Подберезкин опять задремал, ощущая лишь скрип передка саней, да тихую поступь лошади, иногда холодное биение копыта об другое.

Деревня, куда они ехали, лежала внизу в долине; Подберезкин очнулся, когда они уже спускались с горки. Рамсдорф всё спал. Поразила Подберезкина при въезде пустота и тишина деревни — ни населения, ни солдат. По всей улице валяются обугленные, черно-масленистые балки, доски, грязная желто-обгорелая пакля и рвань; вместо отдельных домов, зияли ямы пепелищ под снегом. Бой происходил здесь, видно, уже давно. Возница, по всей вероятности, езжал сюда с подводой раньше, ибо проехал, не останавливаясь, прямо к дому с немецкой надписью на деревянной доске. Корнет разбудил Паульхена, и они вошли в избу. Внутри вонюче пахло застоялым табачным дымом, словно жило здесь и курило долгое время много людей, на стене висел большой портрет Гитлера в фуражке, с ремнем через плечо — Подберезкин даже усмехнулся от неожиданности; были и иконы. Навстречу вышел из-за печки старик, седой, с огромным лысым лбом, высокий и тощий, в одной рубахе, подпоясанный тесемкой, в синих портках, забранных в валенки: за ним выскочил мальчишка лет семи с бойкими глазами и совершенно льняными волосами.

— Здравствуй, дед, — начал Подберезкин.

— Бог послал, — отвечал тот, внимательно смотря на обоих.

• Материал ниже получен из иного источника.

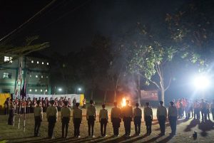 Acara berlanjut dengan api unggun, simbol semangat, kebersamaan, dan rasa persaudaraan. Di sekitar api, peserta saling menyemangati dan menunjukkan kekompakan regu masing-masing.

— Где тут, дед, начальство стоит немецкое?

Дед помолчал некоторое время, смотрел испытующе.

— Стояли тут у нас, слов нет, части воинские почитай две недели, а второй день, как уже никого не осталось.

— А где же они все?

— Ушли.

— Куда?

— Того не скажу. Не наше дело.

— А в Петушково, дедушка. В Петушково ушли. Я слыхал, как говорили, — закричал мальчишка.

— Цыц, тебе говорю! — рассердился дед. — Слыхал малец — говорили, должно, меж собой наши постояльцы. А куда ушли, не ведаю.

Обойдя ряд домов, Подберезкин убедился, что стоявшая здесь раньше часть, к которой они прикомандировывались, действительно за день до того ушла вперед к фронту, уведя всех лошадей. Сообщив об этом Паульхену, он ждал, чуть волнуясь, решения: отправятся ли они обратно (в этом случае он увидел бы скоро Наташу!) или пойдут вперед?.. Паульхен нахмурился при известии, подумал мгновение и тотчас же решил ехать дальше.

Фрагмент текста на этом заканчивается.